_Task statement_
Your task is to transcribe all of the records exactly and leave out the pictures.

Start of Records to process

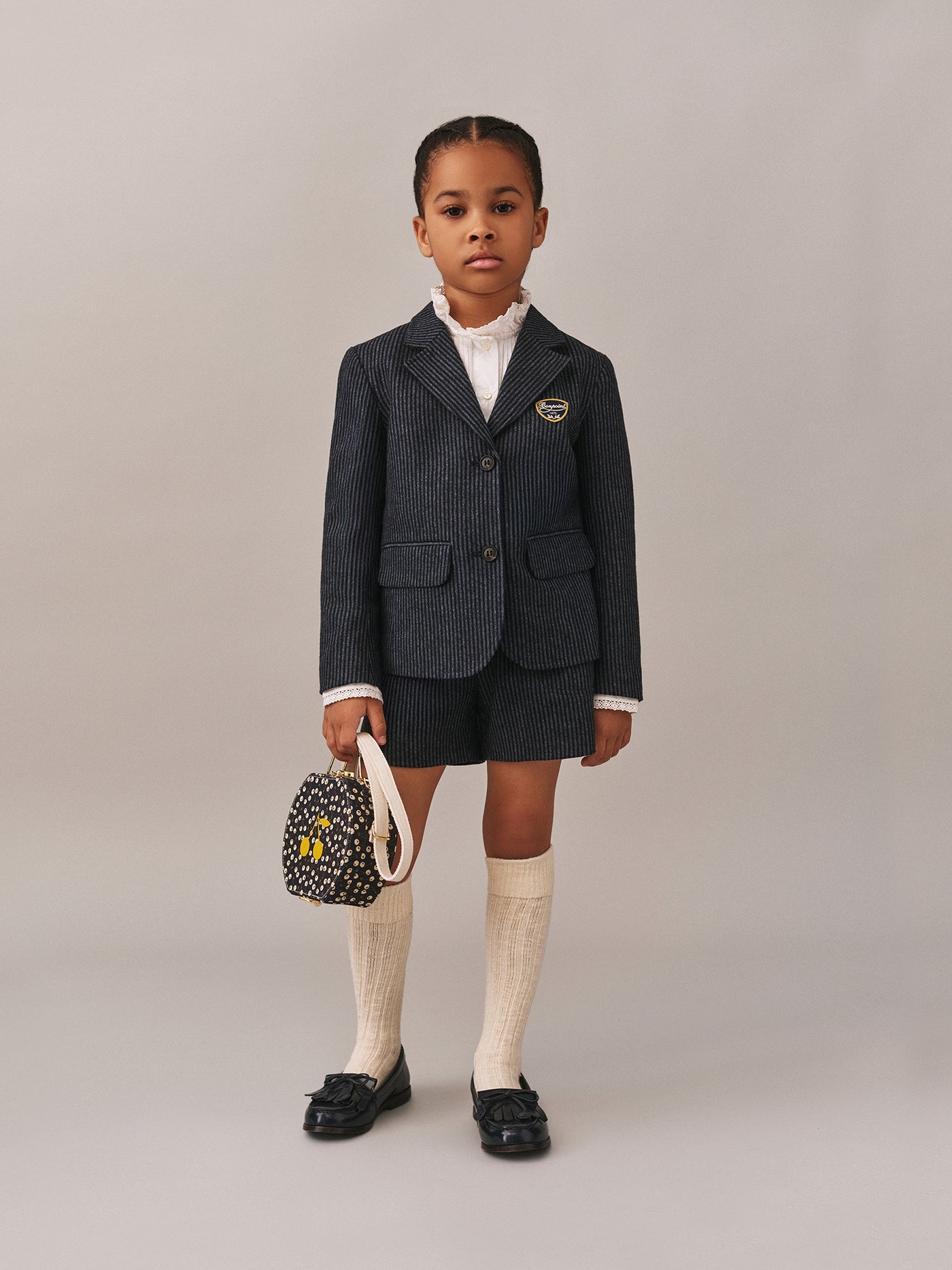 The Jolene skirt for girls features a short cut, structured by elegant pleats. The waistband is adjustable with a button and decorated with a tone-on-tone embroidered cherry.
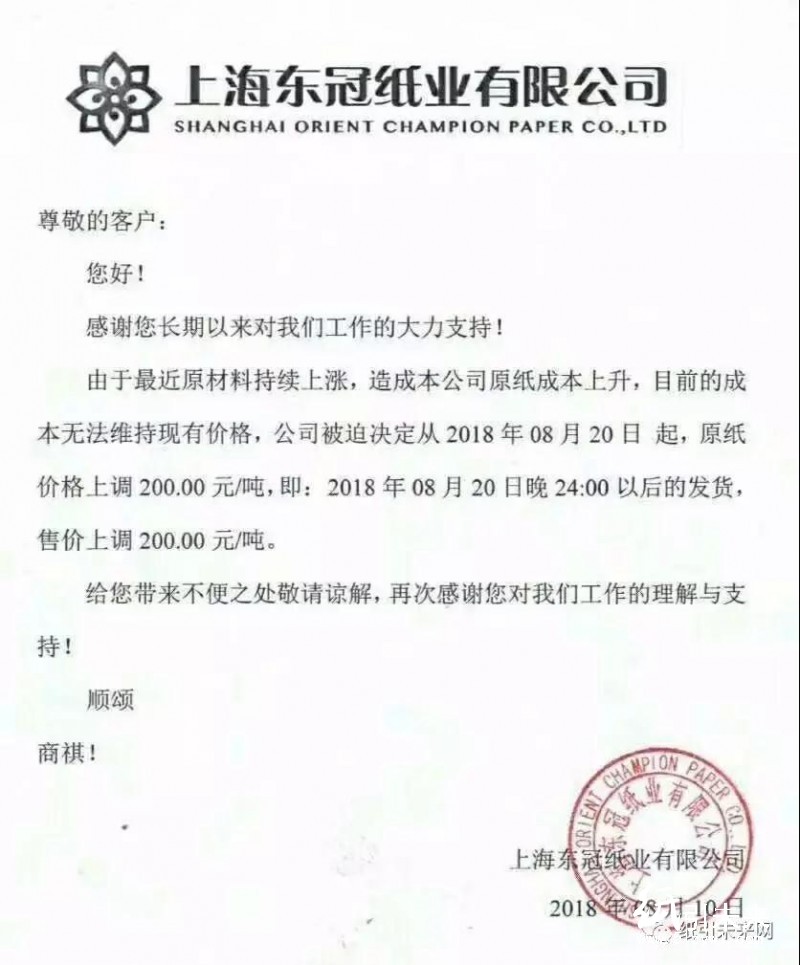 上海東冠紙業有限公司:由于最近原材料持續上漲。從8月20日起,原紙價格上調200元/噸。
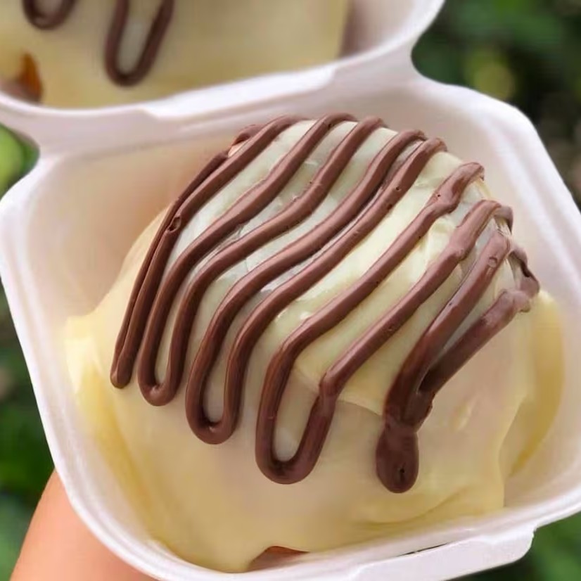 Um delicioso bombom de morango, composto por um suave creme de Ninho, morangos, brigadeiro branco e brigadeiro ao leite.
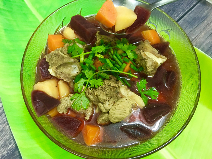 Món canh xương hầm củ dền có vị ngọt thanh, mùa nào cũng hợp.
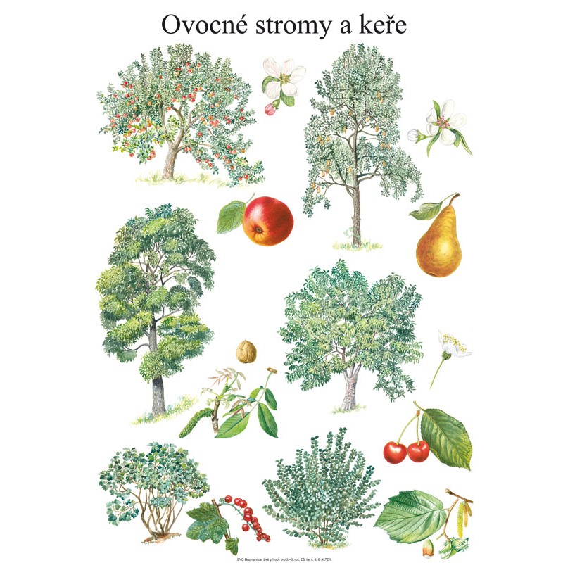Listnaté stromy; Jehličnaté stromy; Ovocné stromy; Savci; Potrava savců, Ptáci;

End of Records to process

_Task solution_
 The Jolene skirt for girls features a short cut, structured by elegant pleats. The waistband is adjustable with a button and decorated with a tone-on-tone embroidered cherry.
 上海東冠紙業有限公司:由于最近原材料持續上漲。從8月20日起,原紙價格上調200元/噸。
 Um delicioso bombom de morango, composto por um suave creme de Ninho, morangos, brigadeiro branco e brigadeiro ao leite.
 Món canh xương hầm củ dền có vị ngọt thanh, mùa nào cũng hợp.
Listnaté stromy; Jehličnaté stromy; Ovocné stromy; Savci; Potrava savců, Ptáci;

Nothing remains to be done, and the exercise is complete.